Dan Ives, an analyst at Wedbush and long-time Apple supporter, believes such a deal would be a smart move. He said even if Apple paid $30 billion, it would be a “drop in the bucket” compared to the potential revenue AI could generate for the company in the future.
Since publicly outlining its AI vision over a year ago, Apple has struggled to deliver meaningful advancements. The company is reportedly considering using third-party AI technology to improve Siri, rather than relying solely on its own models—a notable departure from its usual practice of building software in-house.
Kevin Cook, senior stock strategist at Zacks Investment Research, agrees Apple needs to ramp up its AI hiring efforts. While he doesn't believe the situation is as dire as critics suggest, he acknowledges that a renewed focus on attracting AI talent is necessary. “Apple has hurdles, but it's not in the same danger as Google, which risked losing dominance if it fell behind,” Cook noted.
Meanwhile, Meta CEO Mark Zuckerberg has been pouring money into AI development and aggressively poaching talent. Meta reportedly offered an Apple engineer a compensation package worth hundreds of millions of dollars to head its AI modeling team—an offer Apple didn’t match. Just last month, Meta announced a $14.3 billion investment in Scale AI, reinforcing its commitment to AI leadership.
Apple, for its part, has the financial muscle to make big moves. The company had $133 billion in cash and marketable securities as of the end of March—almost double Meta’s cash reserves. Despite this, Apple has hesitated to take the same aggressive steps, a strategy that some investors now believe needs to change.
In addition to pressure around AI, Apple is also experiencing internal changes. Longtime Chief Operating Officer Jeff Williams is stepping down, and Chief Financial Officer Luca Maestri exited last year. Bloomberg reported that CEO Tim Cook plans to remain in his role, although broader management shifts are in the works.
Analysts at LightShed Partners argue that a leadership shake-up could be exactly what Apple needs. In a note to clients, Walter Piecyk and Joe Galone wrote that failing to lead in AI could dramatically alter Apple’s future prospects. They even suggested replacing Cook as CEO might be warranted to signal a serious course correction.
Others, like Paul Meeks of Water Tower Research, believe Apple doesn’t necessarily need a change at the top, but it must make a bold move to stay competitive. “A significant acquisition would show investors that Apple is ready to evolve and adapt to the AI era,” Meeks said. “It’s clear they can’t win this race alone.”
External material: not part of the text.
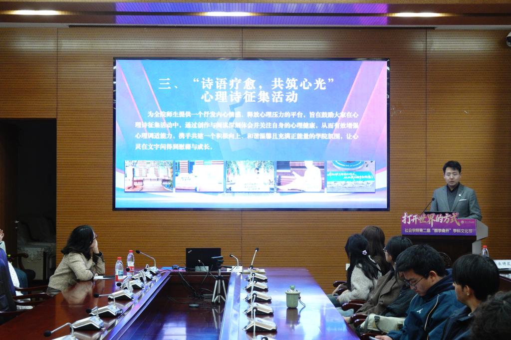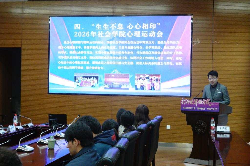 随后,朱博晨对本届学科文化节活动进行了发布,七大主题活动均紧扣公司育人理念与学科特色:“群学杯”社会学类知识竞赛对标高规格赛事要求,持续助力员工夯实专业基础、激发学术热忱;“公能砺行”社会工作案例实务大赛以实践创新为导向,以期在真实案例研讨与分析中强化员工专业认同与实务能力;“诗语疗愈,共筑心光”心理诗画征集活动搭建情感抒发平台,助力师生关注心理健康、不断提升心理自护;“生生不息,心心相印”心理运动会融合团辅与趣味运动,提升员工团队协作力与心理韧性;“情绪路书”荧光夜跑活动以运动为载体,启发员工思考个体情绪与社会联结;“实践看世界”暑期社会实践先导活动延续“师生同行”传统,鼓励员工深入基层,在专业指引下“知中国,服务中国”;“耕愈计划”升级2.0,在劳动教育实践活动中锤炼员工品格,强韧心理素质,释放精神压力,并体悟“劳育强心”的深意。此外,本次学科文化节还配套开设系列学术讲座,邀请院内名师与学界大咖进行分享,为学子成长赋能。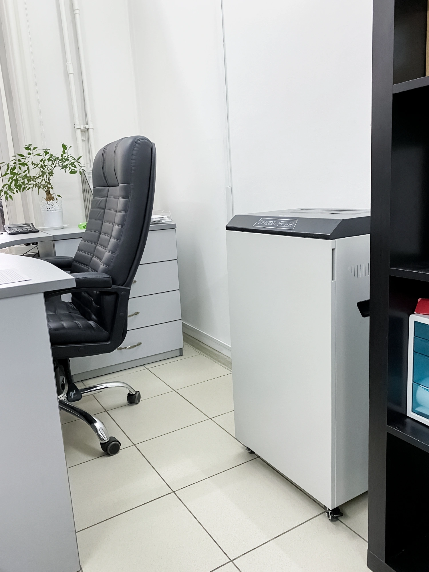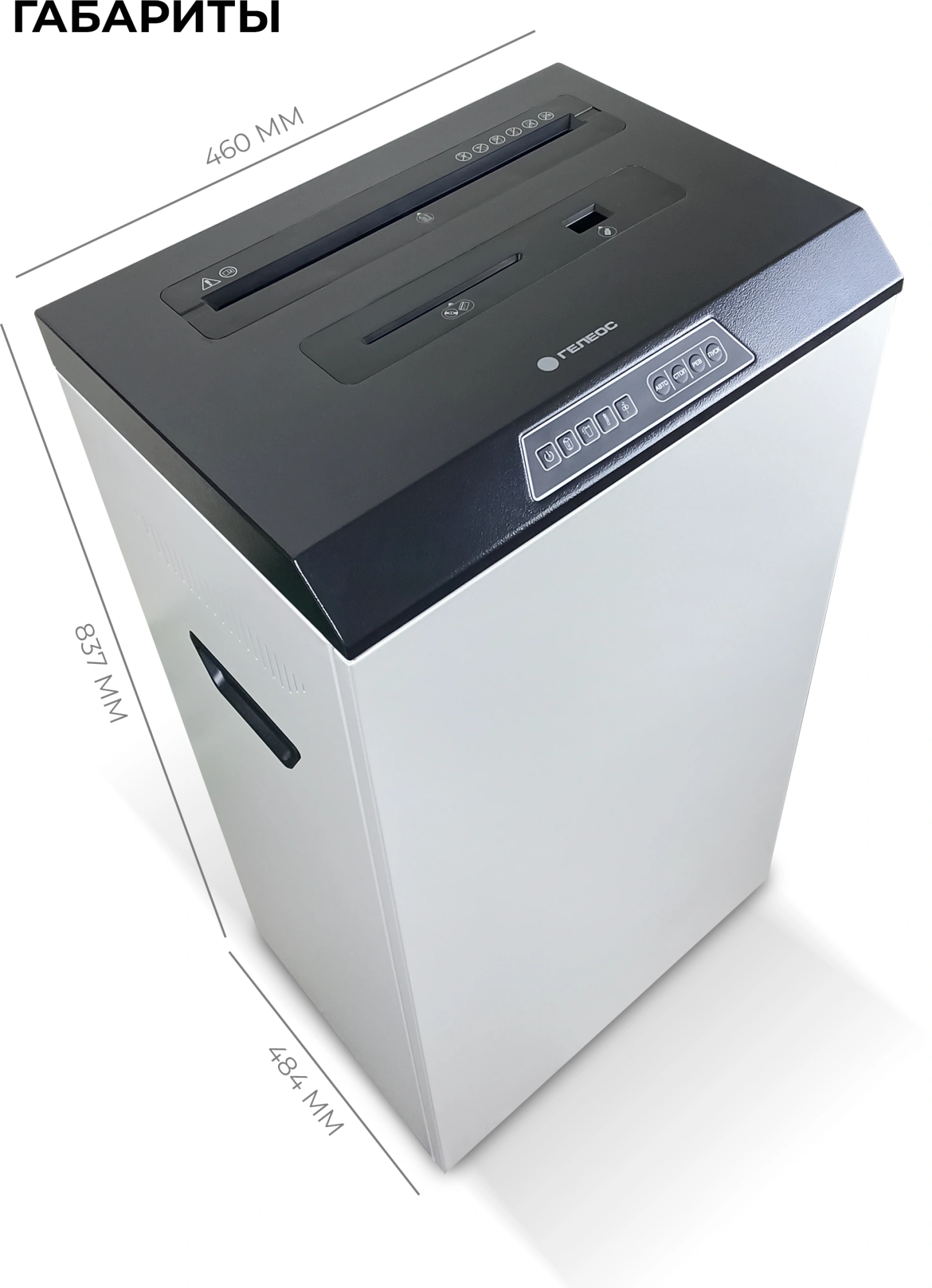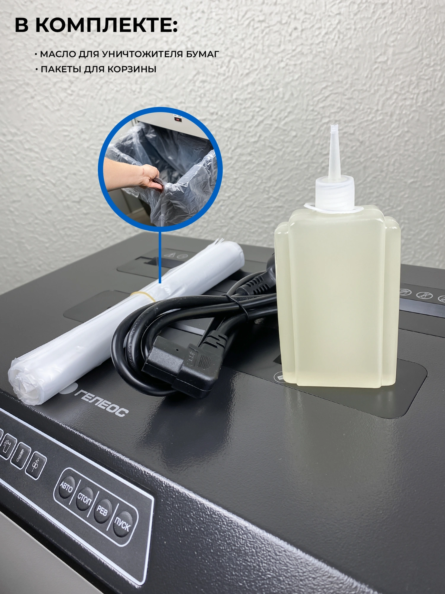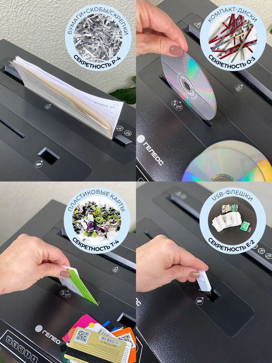 Шредер Heleos УО65-5 белый (секр.P-5) фрагменты 20лист. 65лтр. скрепки скобы пл.карты CD

While Apple lags, the broader tech sector is booming. Bloomberg’s Magnificent 7 index—comprising Apple, Meta, Nvidia, Microsoft, Alphabet, Amazon, and Tesla—has rebounded nearly 40% from its April lows. The equal-weighted version of the index is nearing its record high from December, fueled by strong performance from Nvidia, Meta, and Microsoft.
Apple’s next steps could determine whether it can maintain its position among this elite group—or fall further behind in the AI-driven tech race.